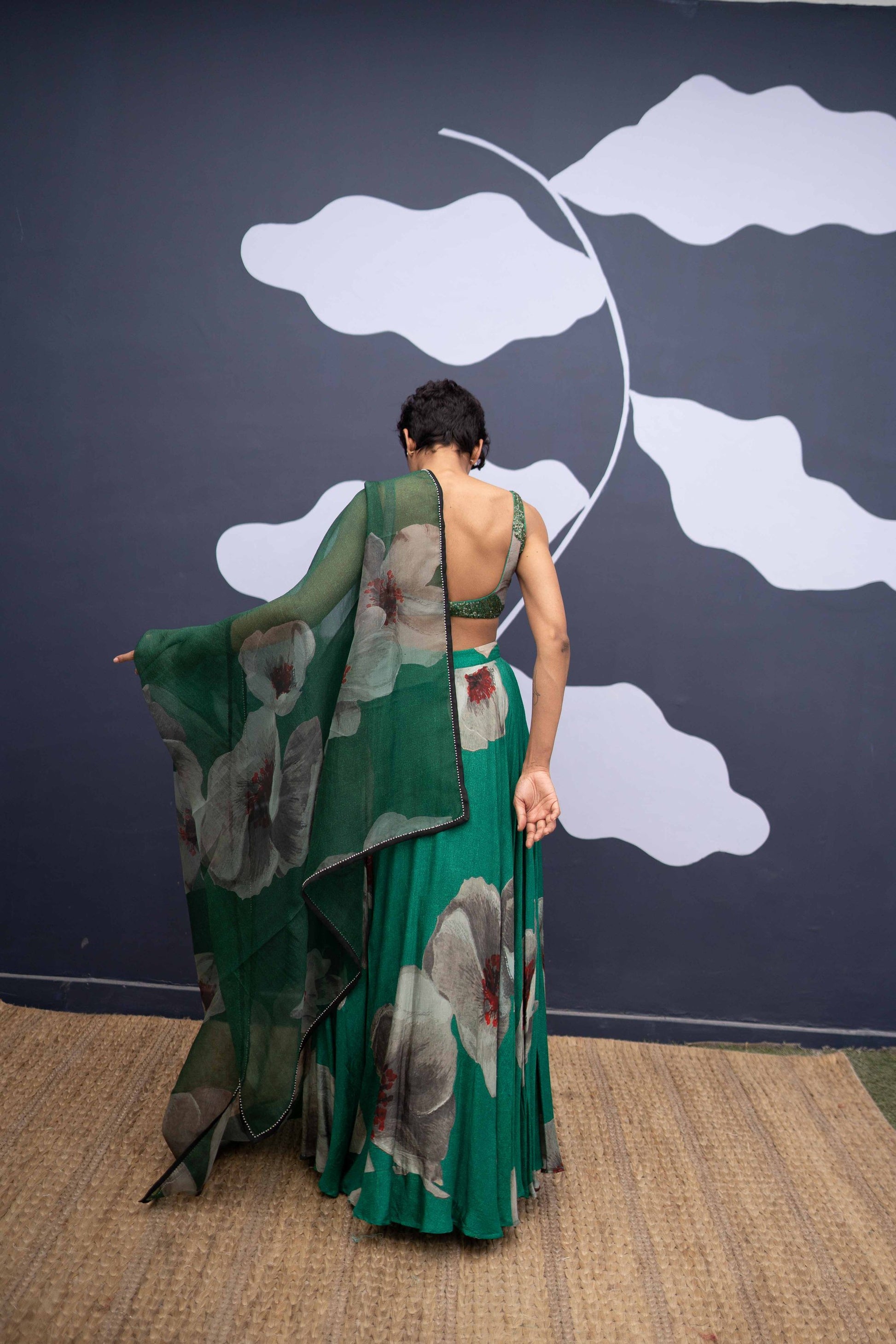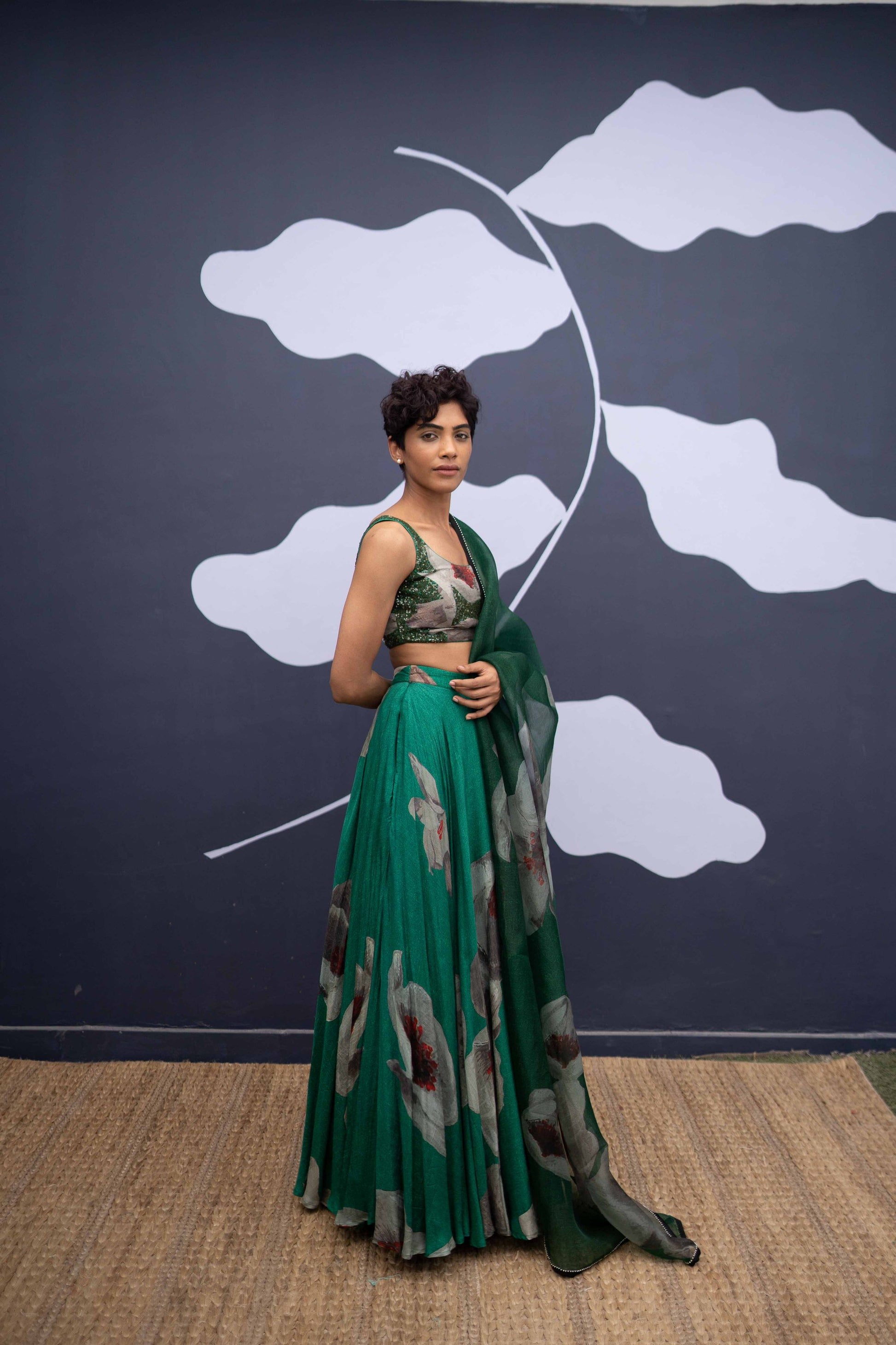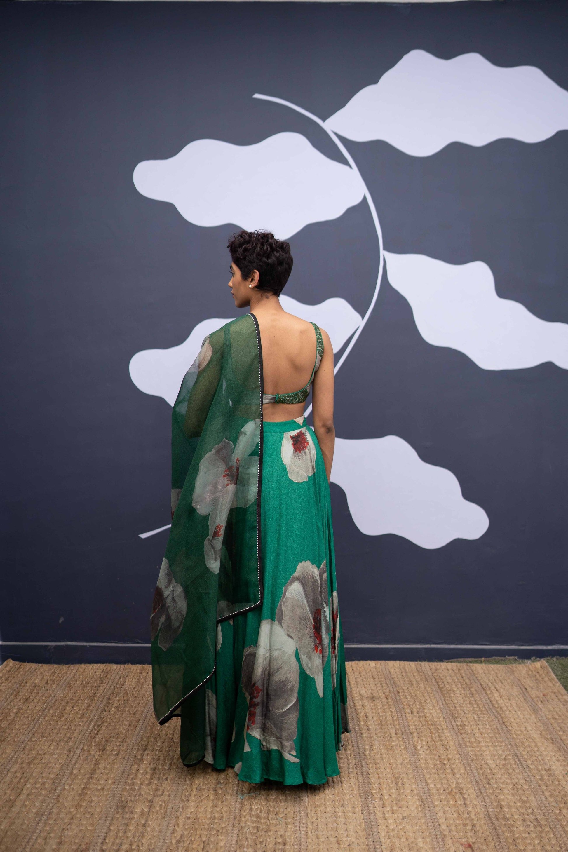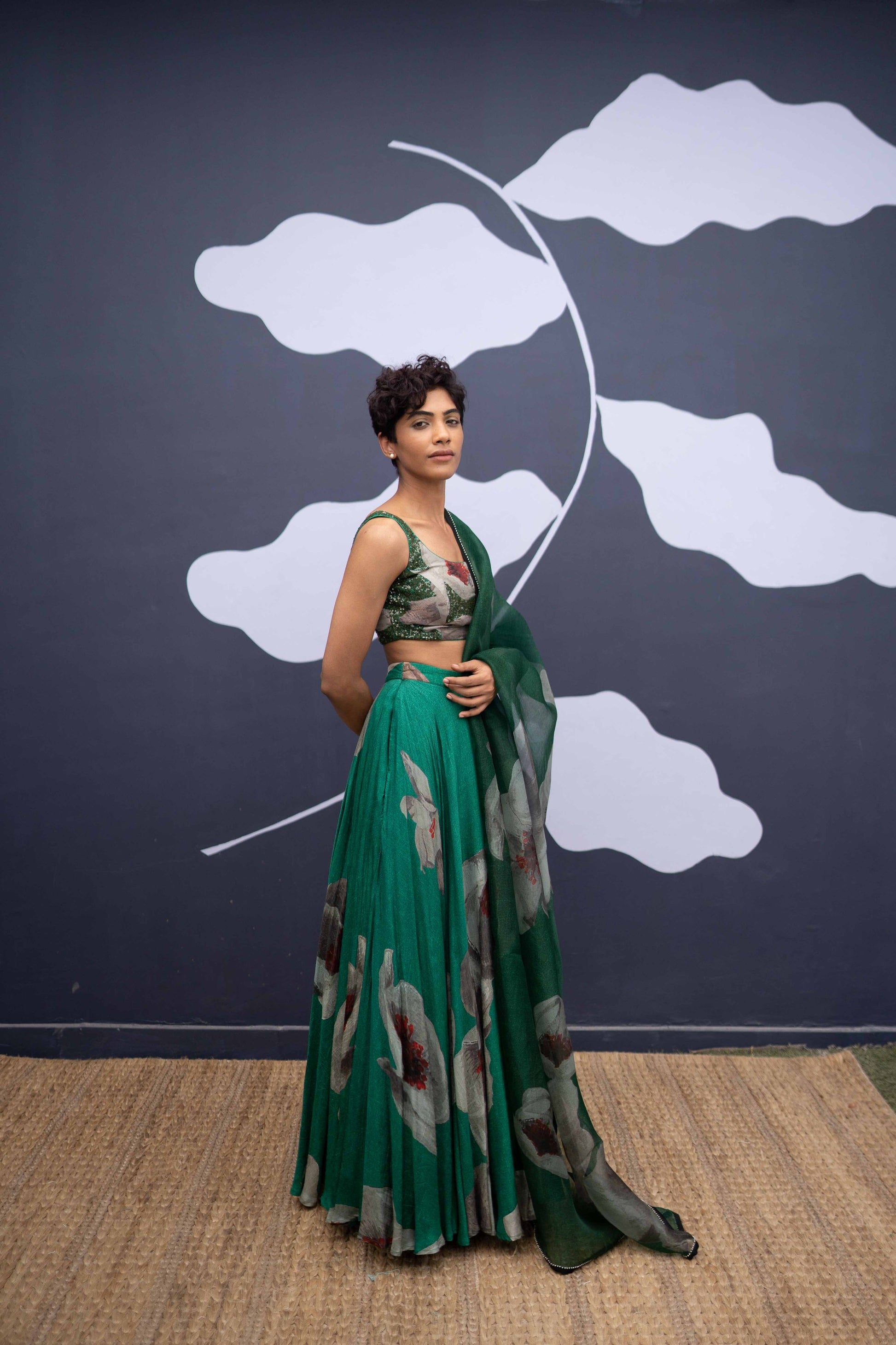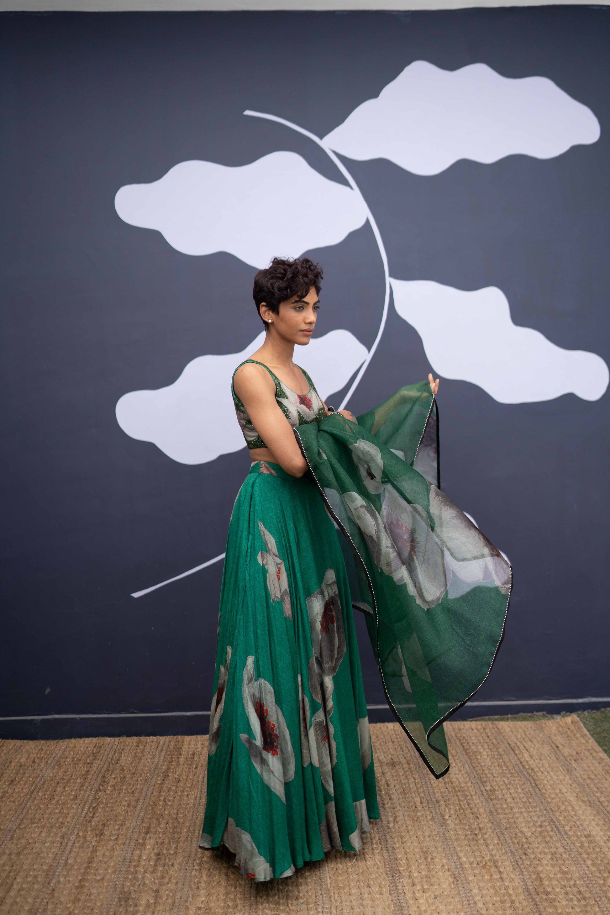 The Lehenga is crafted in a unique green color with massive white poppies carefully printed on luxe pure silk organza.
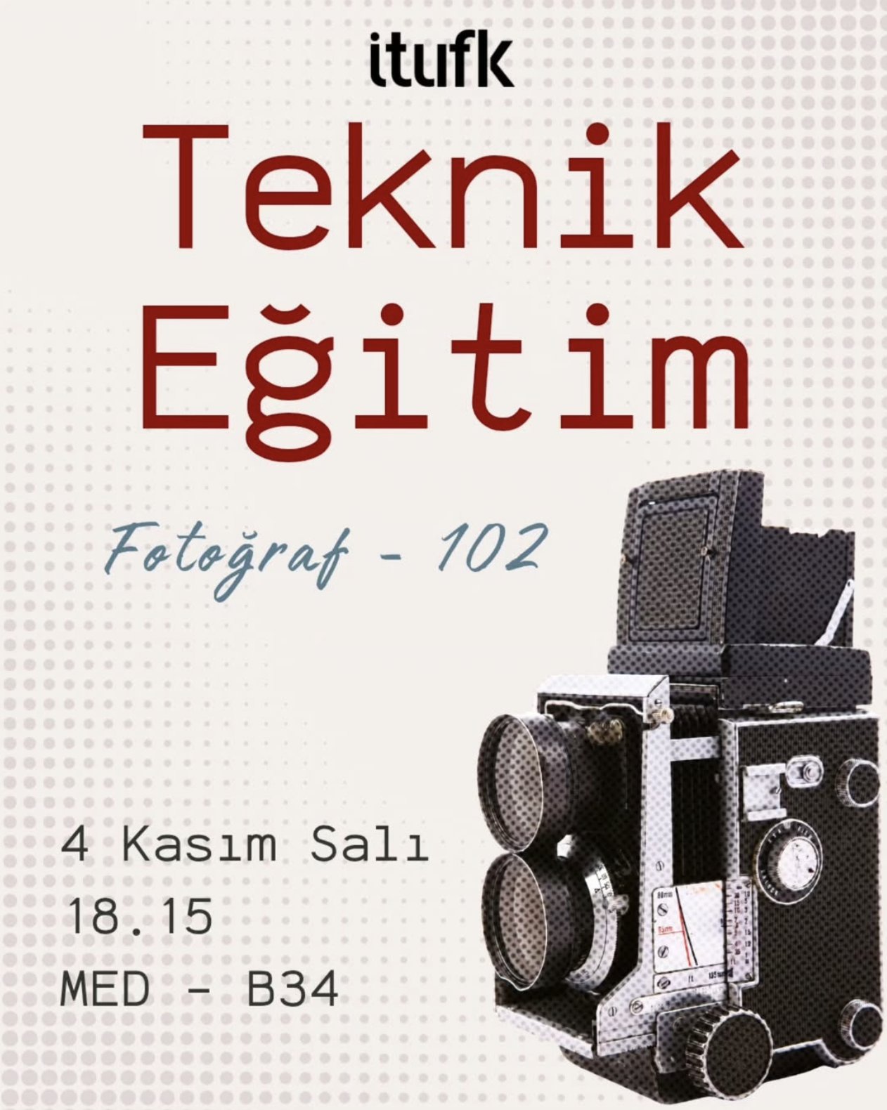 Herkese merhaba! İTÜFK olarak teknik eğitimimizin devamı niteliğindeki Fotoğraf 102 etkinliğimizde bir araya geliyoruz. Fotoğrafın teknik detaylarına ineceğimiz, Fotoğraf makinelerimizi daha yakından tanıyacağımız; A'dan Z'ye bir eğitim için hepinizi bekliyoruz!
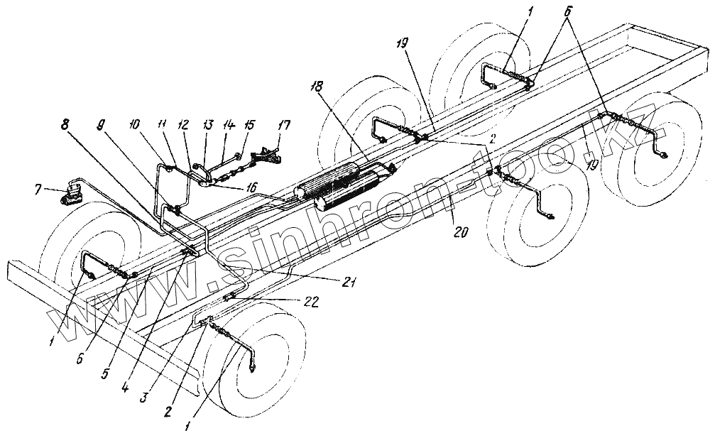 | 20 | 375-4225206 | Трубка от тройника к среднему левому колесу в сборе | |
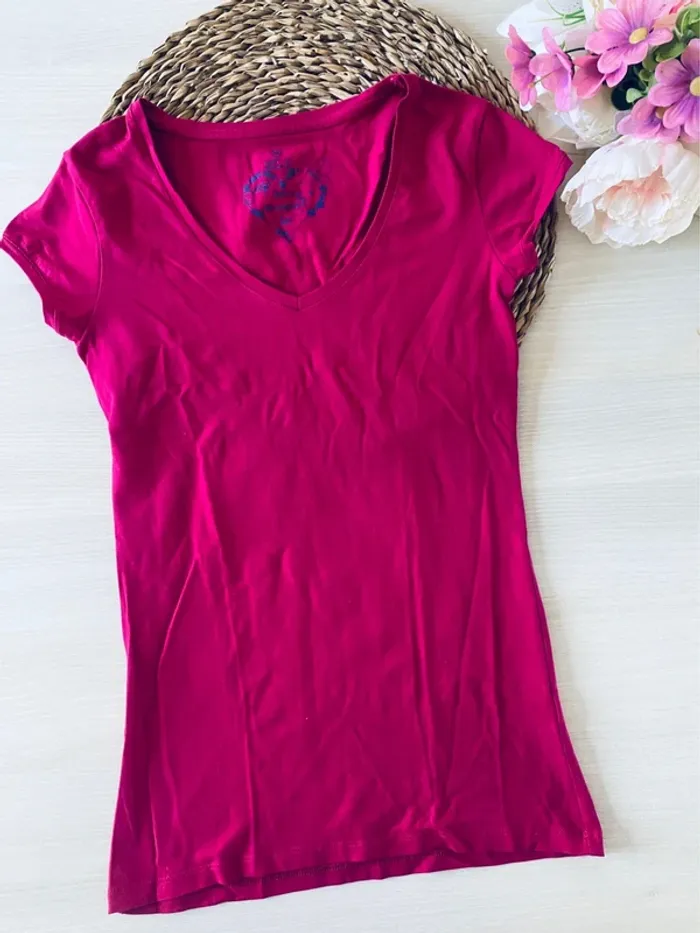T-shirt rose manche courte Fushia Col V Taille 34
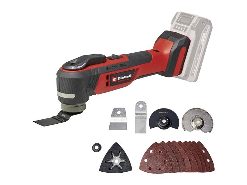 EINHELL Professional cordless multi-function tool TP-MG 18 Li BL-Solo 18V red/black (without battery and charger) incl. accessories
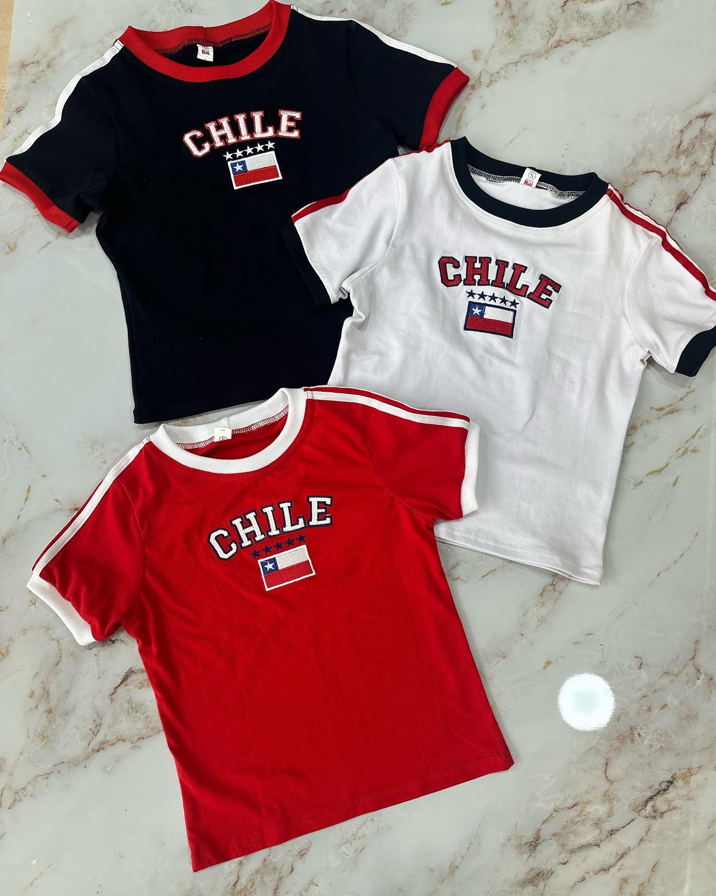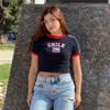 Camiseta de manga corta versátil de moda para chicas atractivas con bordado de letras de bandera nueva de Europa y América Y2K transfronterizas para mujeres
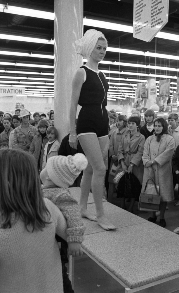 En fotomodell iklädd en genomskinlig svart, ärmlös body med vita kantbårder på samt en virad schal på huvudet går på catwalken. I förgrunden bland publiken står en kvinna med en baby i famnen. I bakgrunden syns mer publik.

## To do
Once the line containing "Herkese merhaba! İTÜFK" is found, transcribe it and the rest of the lines to the end of the listing above exactly, omitting all pictures.

## Completed task
 Herkese merhaba! İTÜFK olarak teknik eğitimimizin devamı niteliğindeki Fotoğraf 102 etkinliğimizde bir araya geliyoruz. Fotoğrafın teknik detaylarına ineceğimiz, Fotoğraf makinelerimizi daha yakından tanıyacağımız; A'dan Z'ye bir eğitim için hepinizi bekliyoruz!
 | 20 | 375-4225206 | Трубка от тройника к среднему левому колесу в сборе | |
T-shirt rose manche courte Fushia Col V Taille 34
 EINHELL Professional cordless multi-function tool TP-MG 18 Li BL-Solo 18V red/black (without battery and charger) incl. accessories
 Camiseta de manga corta versátil de moda para chicas atractivas con bordado de letras de bandera nueva de Europa y América Y2K transfronterizas para mujeres
 En fotomodell iklädd en genomskinlig svart, ärmlös body med vita kantbårder på samt en virad schal på huvudet går på catwalken. I förgrunden bland publiken står en kvinna med en baby i famnen. I bakgrunden syns mer publik.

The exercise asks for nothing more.